* INSTRUCTIONS FOR THE TASK *
For this task, extract exactly the lines of the data below, from the line containing "Conjunto confeccionado em" through the last one, with pictures left out.

* INFORMATION SUPPLIED *
::::::
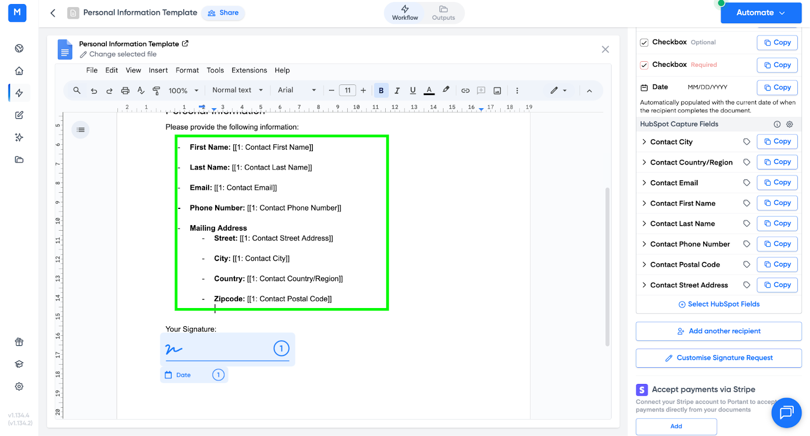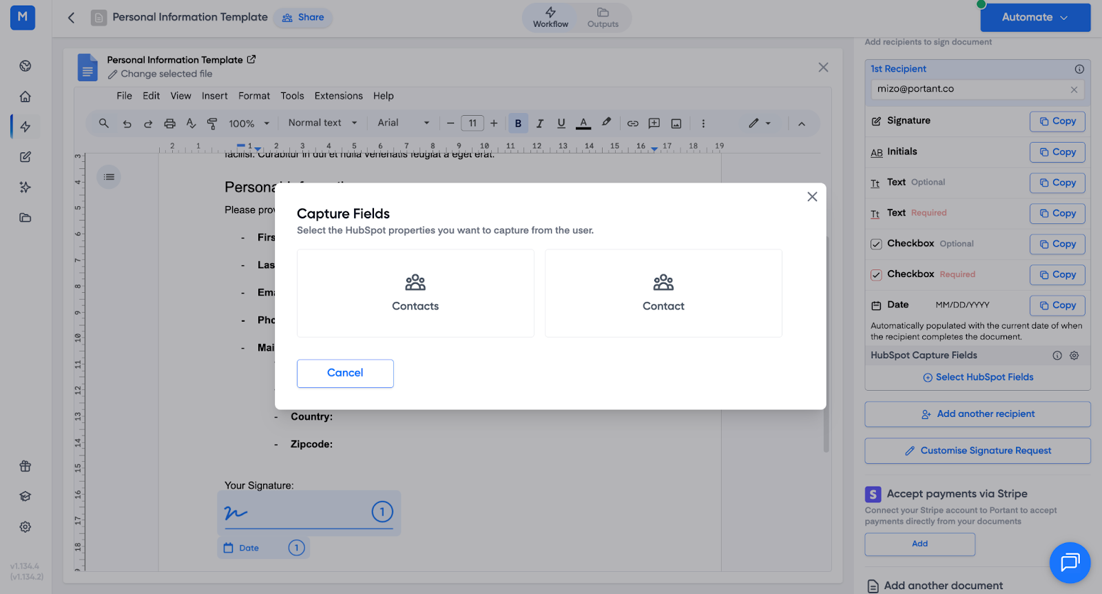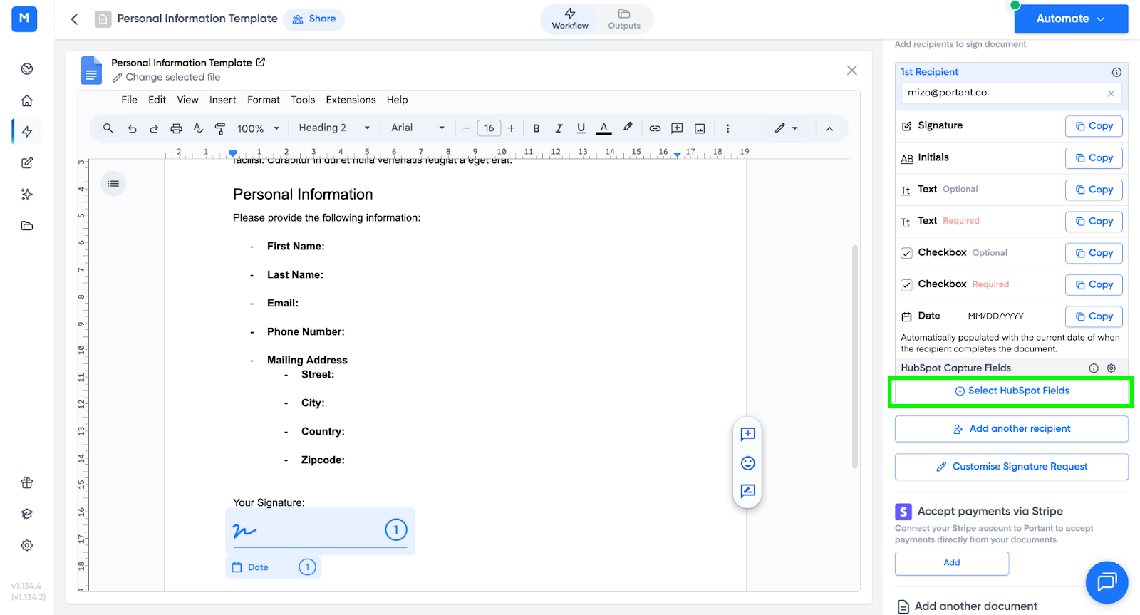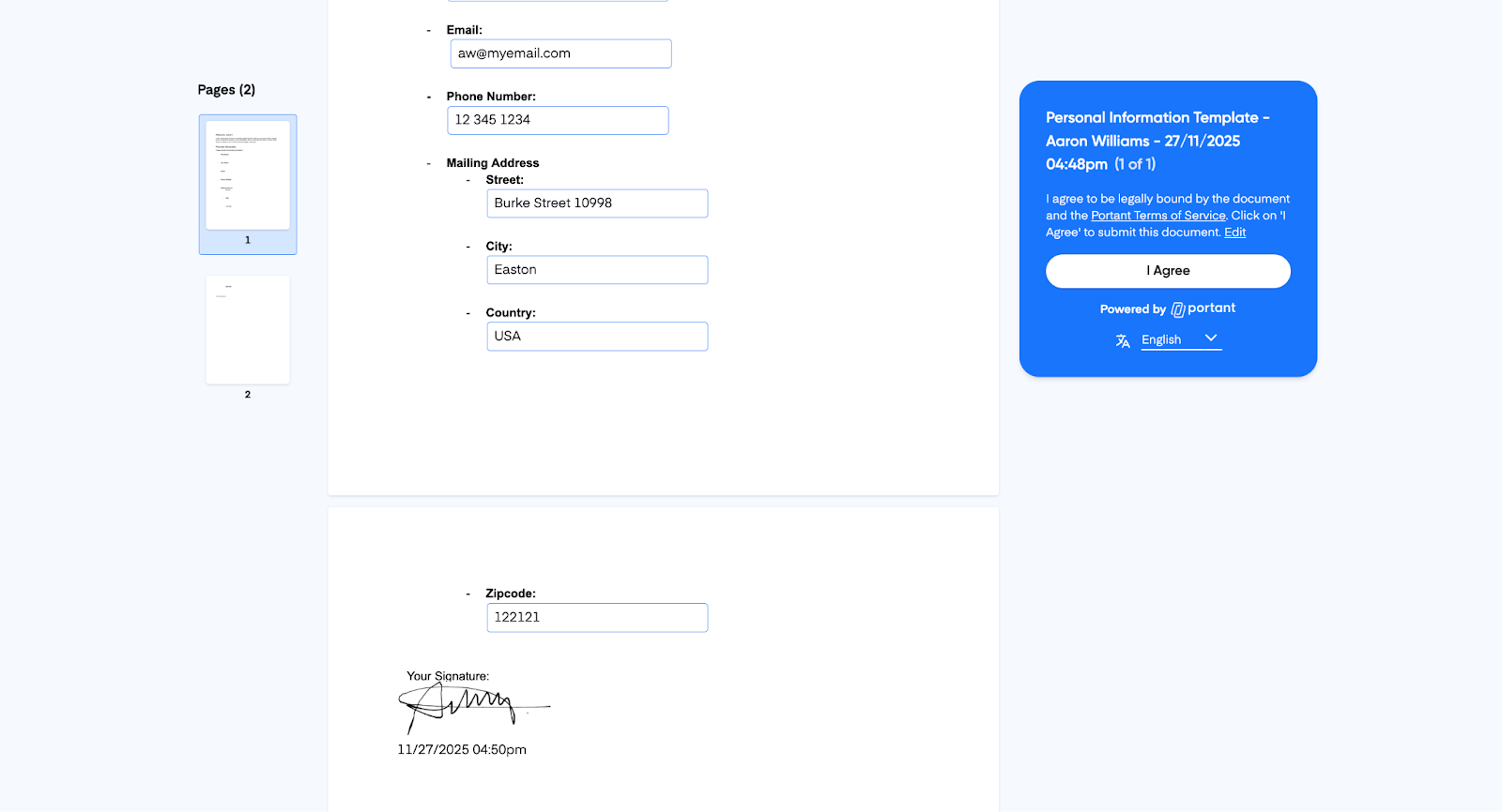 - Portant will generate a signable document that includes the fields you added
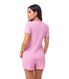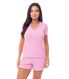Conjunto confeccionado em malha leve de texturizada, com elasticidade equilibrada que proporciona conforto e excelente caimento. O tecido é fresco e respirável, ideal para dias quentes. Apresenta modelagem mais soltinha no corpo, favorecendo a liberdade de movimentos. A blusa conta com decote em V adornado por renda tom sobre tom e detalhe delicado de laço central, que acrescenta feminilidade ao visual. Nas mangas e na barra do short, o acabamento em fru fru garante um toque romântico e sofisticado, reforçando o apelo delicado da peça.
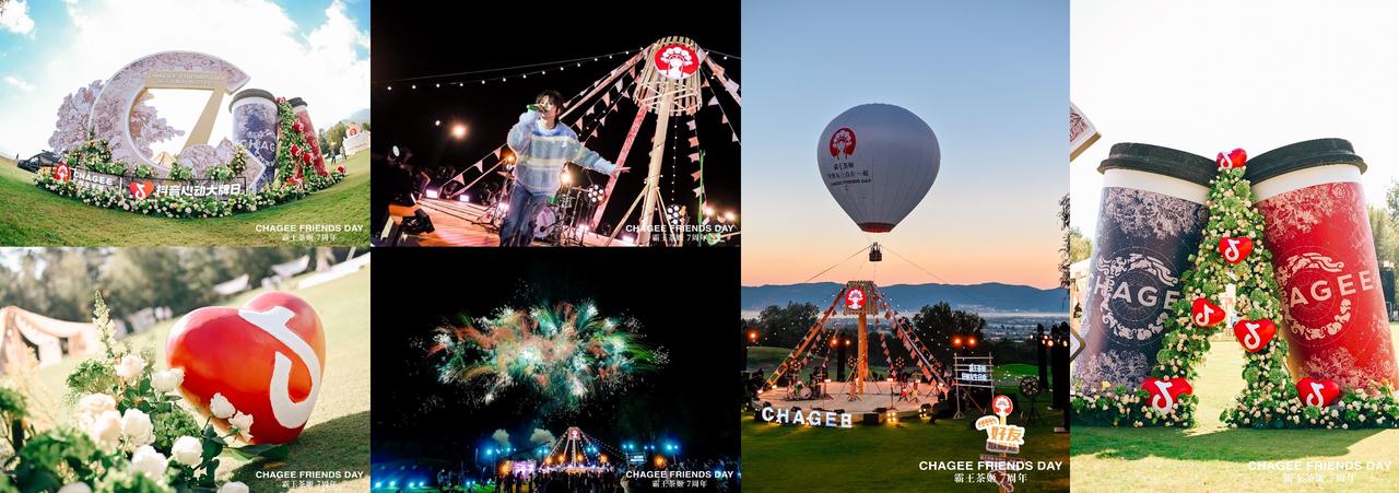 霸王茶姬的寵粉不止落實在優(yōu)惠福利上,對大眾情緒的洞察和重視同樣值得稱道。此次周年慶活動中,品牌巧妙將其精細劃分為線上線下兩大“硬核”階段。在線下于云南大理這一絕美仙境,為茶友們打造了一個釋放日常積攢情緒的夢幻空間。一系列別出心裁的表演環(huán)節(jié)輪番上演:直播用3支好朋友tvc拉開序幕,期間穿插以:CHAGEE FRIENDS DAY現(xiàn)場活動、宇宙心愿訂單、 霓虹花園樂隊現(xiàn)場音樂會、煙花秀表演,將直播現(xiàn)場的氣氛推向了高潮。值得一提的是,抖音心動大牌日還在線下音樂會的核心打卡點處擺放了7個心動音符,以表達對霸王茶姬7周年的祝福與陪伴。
::::::
* RESPONSE TO THIS TASK *
Conjunto confeccionado em malha leve de texturizada, com elasticidade equilibrada que proporciona conforto e excelente caimento. O tecido é fresco e respirável, ideal para dias quentes. Apresenta modelagem mais soltinha no corpo, favorecendo a liberdade de movimentos. A blusa conta com decote em V adornado por renda tom sobre tom e detalhe delicado de laço central, que acrescenta feminilidade ao visual. Nas mangas e na barra do short, o acabamento em fru fru garante um toque romântico e sofisticado, reforçando o apelo delicado da peça.
 霸王茶姬的寵粉不止落實在優(yōu)惠福利上,對大眾情緒的洞察和重視同樣值得稱道。此次周年慶活動中,品牌巧妙將其精細劃分為線上線下兩大“硬核”階段。在線下于云南大理這一絕美仙境,為茶友們打造了一個釋放日常積攢情緒的夢幻空間。一系列別出心裁的表演環(huán)節(jié)輪番上演:直播用3支好朋友tvc拉開序幕,期間穿插以:CHAGEE FRIENDS DAY現(xiàn)場活動、宇宙心愿訂單、 霓虹花園樂隊現(xiàn)場音樂會、煙花秀表演,將直播現(xiàn)場的氣氛推向了高潮。值得一提的是,抖音心動大牌日還在線下音樂會的核心打卡點處擺放了7個心動音符,以表達對霸王茶姬7周年的祝福與陪伴。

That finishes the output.